The Pandemic Can Overturn Politics in Latin America

By Mario Osava (IPS)

Brazilians protested with pots and pans against president Jair Bolsonaro.

HAVANA TIMES – “Bolsonaro is finished”, read luminous signs during the kitchen-pan-banging protest against the Brazilian president, reflecting what an immigrant had previously said to his face, after introducing himself into the group of fans who usually cheer for him every morning at the entrance of the presidential headquarters in the country’s capital.

The political death sentence is for now only a wish of opposition protesters, who expressed themselves on Wednesday night, but it reflects a picture of deterioration in the credibility of far-right President Jair Bolsonaro, which may be terminal.

His denialist attitude towards the coronavirus pandemic was perhaps the last straw in the accumulation of undemocratic gestures: ineptitude, aggressions, lies and disappointments that he has starred in since his inauguration on January 1, 2019.

The social impact of the health crisis will be so brutal that, for different or similar reasons, it may also threaten the survival of other rulers in Latin America, especially those already experiencing a deep crisis, such as those of Chile and Venezuela.

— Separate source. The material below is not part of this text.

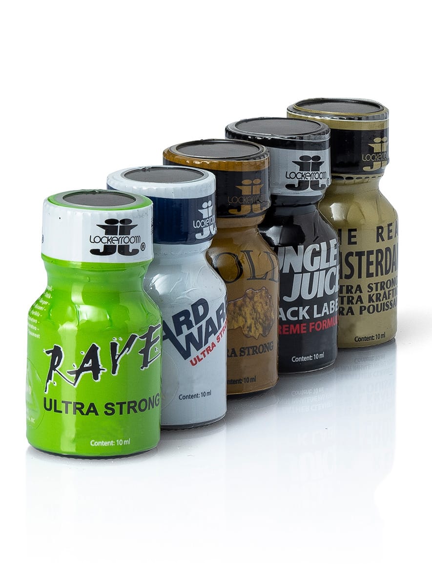 Das Ultra Strong 10ml Poppers Combo 5x: Alle 5 Ultra-Strong Poppers in einem Paket: Rave Ultra Strong 10 ml, Hardware Ultra Strong 10 ml, Gold Extra Strong 10 ml, Jungle Juice Black Extreme 10 ml, Amsterdam Real 10 ml. Hol dir die stärksten Poppers von Lockerroom aus Kanada im günstigen Sparpaket.

Despite the four deaths and 428 Brazilians infected as of March 18th – including two ministers and the president of the senate David Alcolumbre, and a global economic recession considered inevitable with a strong reflection in Brazil, Bolsonaro continues to attribute everything to “hysteria “caused by the major news media.

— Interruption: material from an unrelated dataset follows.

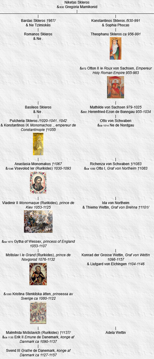 Valdemar Ier den Store, konge af Danmark1131-1182 &1154 Sofia (Rurikides) 1141-1198 1. Sophie, prinsesse af Danmarkca 1159-ca 1208 &1181 Siegfried, Graf von Orlamündeca 1150-1206 1.1. Hermann II. von Orlamünde †1247 & Beatrix von Andechs †1265/ 1.1.1. Sophie von Orlamünde & Heinrich VIII. von Weida †ca 1279 1.1.1.1. Heinrich IX. von Weida †1326 1.1.1.2. Heinrich von Weida 1.1.1.3. Heinrich X. von Weida †1293 1.1.2. Hermann III. von Orlamünde †1283 & Ne N 1.1.2.1. Hermann V. von Orlamünde 1.1.2.2. Heinrich III. von Orlamünde †1354/ 1.1.2.3. Elisabeth von Orlamünde ca 1260-1333 1.1.2.4. Elisabeth von Orlamünde 1.2. Ermengarde, Gräfin von Orlamündeca 1182-ca 1222 &ca 1190 Heinrich II, Graf von Schwarzburgca 1165-1236 1.2.1. Günther VII, Graf von Schwarzburg-Blankenburgca 1210-1275 &ca 1235 Sophie von Orlamünde 1.2.1.1. Günther IX, Graf von Schwarzburg-Blankenburg†1292/1293 1.2.1.2. Sophie von Schwarzburg †1279 1.2.1.3. Heinrich V, Graf von Schwarzburg-Blankenburgca 1235-ca 1285 1.2.1.4. Christiane, Gräfin von Schwarzburg 1.2.1.5. Ne von Schwarzburg 1.3. Albert I von Orlamünde 1183-1244 &/1211 Hedwig von Thüringen 1.3.1. Otto III von Orlamünde †1285 & Agnes von Leiningen †?1300 1.3.1.1. Hermann IV von Orlamünde †1319 1.3.1.2. Otto IV von Orlamünde 1271-1318 1.3.1.3. Irmgard von Orlamünde 1.4. Sophie von Orlamünde †1261 & Lambert, Graf von Gleichenca 1170-1227 1.4.1. Ernst von Gleichen & Ingeborg Strangesen 1.4.1.1. Ne von Gleichen 1.4.2. Adelheid von Gleichen ca 1200-ca 1267 & Ludvig von Everstein 1206-1283/ 1.4.2.1. Albrecht von Everstein ca 1230-1289 2. Knud IV, konge af Danmark1163-1202 &1177 Gertrud Welf †1196 3. Valdemar II Sejr, konge af Danmark1170-1241 & Helena Guttormsdotter Autaumsson 1167- &1200 Ingebiorg Welf 1174-/1204 &1205 Drahomira Přemyslide, Prinzessin von Böhmen?1189-1212 &1214 Berengária, infanta de Portugalca 1194-1221 3.1. Knud Valdemarsen 1211-1260 & Hedwig von Pomerellen 3.1.1. Svantepolk Knutsson ca 1230-1310 &ca 1250 Benedikta Sunesdotter Folkungaätten †ca 1261 3.1.1.1. Ingeborg Svantepolksdotter †/1341 3.1.1.2. Ingrid Svantepolksdotter †1350/ 3.1.2. Erik Knudsen Skarsholm †1304 & Elisabeth af Halland 3.1.2.1. Barnim Skarsholm †/1329 3.2. Valdemar, prins af Danmark1209-1231 & Ne N &1229 Leonor de Portugal 1211-1231 3.2.1. Sofie, prinsesse af Danmark†1241 &ca 1240 Henri-Burwin III von Mecklenburg, prince de Rostockca 1218-1278 3.2.1.1. Waldemar von Mecklenburg ca 1241-1282 3.2.1.2. Jean von Mecklenburg 3.2.2. Ne de Danemark 1231-1231 3.3. Erik IV Plovpenning, konge af Danmark1216-1250 &1239 Jutta von Sachsen ca 1223-?1250 3.3.1. Ingeburge, prinsesse af Danmark1244-1287 &1261 Magnus VI Yngling, kong av Norge1238-1280 3.3.1.1. Erik II, kong av Norge1268-1299 3.3.1.2. Haakon V, kong av Norge1270-1319 3.3.2. Sophie, prinsesse af Danmark†1286 &1260 Valdemar Folkungaätten, konung av Sverige1237-1302 3.3.2.1. Ingeborg Folkungaätten, prinsessa av Sverigeca 1260-?1290 3.3.2.2. Rikissa Folkungaätten, prinsessa av Sverige†1288..1293 3.4. Sophie, prinsesse af Danmark1217-1247 &?1236 Johann I, Markgraf von Brandenburgca 1213-1266/1267 3.4.1. Johann II, Markgraf von Brandenburg†1281 3.4.2. Otto IV mit dem Pfeil, Markgraf von Brandenburg†1308 3.4.3. Konrad II, Markgraf von Brandenburg1240-1304 &1260 Konstancja Piast 1245/1246-1281 3.4.3.1. Johann IV, Markgraf von Brandenburg1261-1305 3.4.3.2. Otto VII, Markgraf von Brandenburg1262-1297/1298 3.4.3.3. Waldemar, Markgraf von Brandenburg†1319 3.4.3.4. Agnes von Brandenburg ca 1275-1329 3.4.4. Helene von Brandenburg 1241/1242-1303/1304 & Dietrich IV, Markgraf von Landsberg1242-1285 3.4.4.1. Sophie Wettin ca 1260-1318 3.4.5. Erich von Brandenburg †1295 3.5. Abel, konge af Danmarkca 1218-1252 &1237 Mathilde, Gräfin von Holstein1225-1287 3.5.1. Valdemar III, Herzog von Schleswig†1257 3.5.2. Erik I, Herzog von Schleswigca 1240-1272 & Margareta von Rügen †1272 3.5.2.1. Valdemar IV, Herzog von Schleswig†1312 3.5.2.2. Éric, duc de Langeland1272-1310 3.5.3. Sofia, prinsesse af Danmarkca 1240-1284/ &1258 Bernhard I, Fürst von Anhalt-Bernburg†1286/1287 3.5.3.1. Bernhard II, Fürst von Anhalt-Bernburgca 1260-1324 3.5.3.2. Sofia, Prinzessin von Anhalt-Bernburgca 1260-1330 3.5.4. Abel de Danemark 1252-1279 3.6. Christoffer Ier, konge af Danmarkca 1219-1259 &1248 Margrethe Sambiria von Pomerellen 1230..1234-1282 3.6.1. Erik V Klipping, konge af Danmarkca 1249-1286 &1273 Agnes von Brandenburg 1257-1304 3.6.1.1. Erik VI Menved, konge af Danmark1274-1319 3.6.1.2. Richiza, prinsesse af Danmarkca 1275- 3.6.1.3. Christoffer II, konge af Danmark1276-1332 3.6.1.4. Margrethe, prinsesse af Danmark†1341 3.6.2. Margrete, prinsesse af Danmark1250-1306 & Johann II, Graf von Holstein-Kielca 1253-?1321 3.6.3. Mechtild, prinsesse af Danmark†1311 & Albrecht III, Markgraf von Brandenburgca 1250-1300 3.6.3.1. Otto von Brandenburg †1299/1300 3.6.3.2. Beatrix von Brandenburg †1314 3.6.3.3. Margareta von Brandenburg 1270/-1315 4. Ingeborg, prinsesse af Danmark1175-1236 &1193 Philippe II Auguste, roi de France1165-1223 5. Hélène, prinsesse af Danmark†1233 &1202 Wilhelm, Herzog von Braunschweig-Lüneburg1184-1213 5.1. Otto I das Kind, Herzog von Braunschweig-Lüneburg1204-1252 &1228 Mathilde von Brandenburg †1261 5.1.1. Mathilde von Braunschweig-Lüneburg †ca 1297 &1245 Heinrich II der Fette von Anhalt-Aschersleben †1266 5.1.1.1. Otto I von Anhalt-Aschersleben †1304/1305 5.1.2. Helene von Braunschweig-Lüneburg ca 1231-1273 &1247/1248 Albrecht I, Herzog von Sachsen†1261 5.1.2.1. Johann I, Herzog von Sachsen-Lauenburg1246/-1286 5.1.2.2. Albrecht II, Herzog von Sachsen-Wittenbergca 1250-1298 5.1.2.3. Helene von Sachsen ca 1255-1309 5.1.2.4. Elisabeth von Sachsen †1293..1306 5.1.3. Albrecht I der Löw, Herzog von Braunschweig1236-1279 & Elisabeth de Brabant 1243-1261 &1263 Alessina di Monferrato ca 1240-1285 5.1.3.1. Mathilde von Braunschweig-Lüneburg /1261-1319

He previously said that the new coronavirus and its disease covid-19, are a “fantasy”. Then he recognized the pandemic yet considered it “oversized”.

Almost all South American countries are with closed borders, canceled flights, closed schools, commerce, companies and suspended shows. The population being orientated or forced to stay at home and avoid contamination – is a new reality from which Bolsonaro is isolated – for now.

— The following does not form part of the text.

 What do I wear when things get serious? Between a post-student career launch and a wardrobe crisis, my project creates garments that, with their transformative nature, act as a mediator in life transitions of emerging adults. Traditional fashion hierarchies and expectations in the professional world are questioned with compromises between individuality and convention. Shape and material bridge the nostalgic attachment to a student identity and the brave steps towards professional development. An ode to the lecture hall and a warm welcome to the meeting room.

Chile decreed the ‘State of National Catastrophe’, which authorizes the government to adopt exceptional measures to face the health crisis.

“With a public health system that serves more than 70 percent of the population, Chile successfully faced previous epidemics, such as cholera and the H1N1 outbreak” (swine flu), recalled Valeria Prado, professor at the Faculty of Medicine of the University of Chile.

But the country has been experiencing a political crisis since October that weakened the government. Prolonged and massive protests forced right-wing President Sebastián Piñera to accept a constitutional process, and his popularity fell to 6 percent in January, according to a survey by the ‘Center for Political Studies’.

“Although the majority of the population is understanding the gravity of the situation, this is mixed with the social protest and on March 8th, for example, a massive march of women was held in Santiago, when the virus was already circulating in Chile,” the also former secretary general of the Pan American Society of Infectious Diseases told IPS.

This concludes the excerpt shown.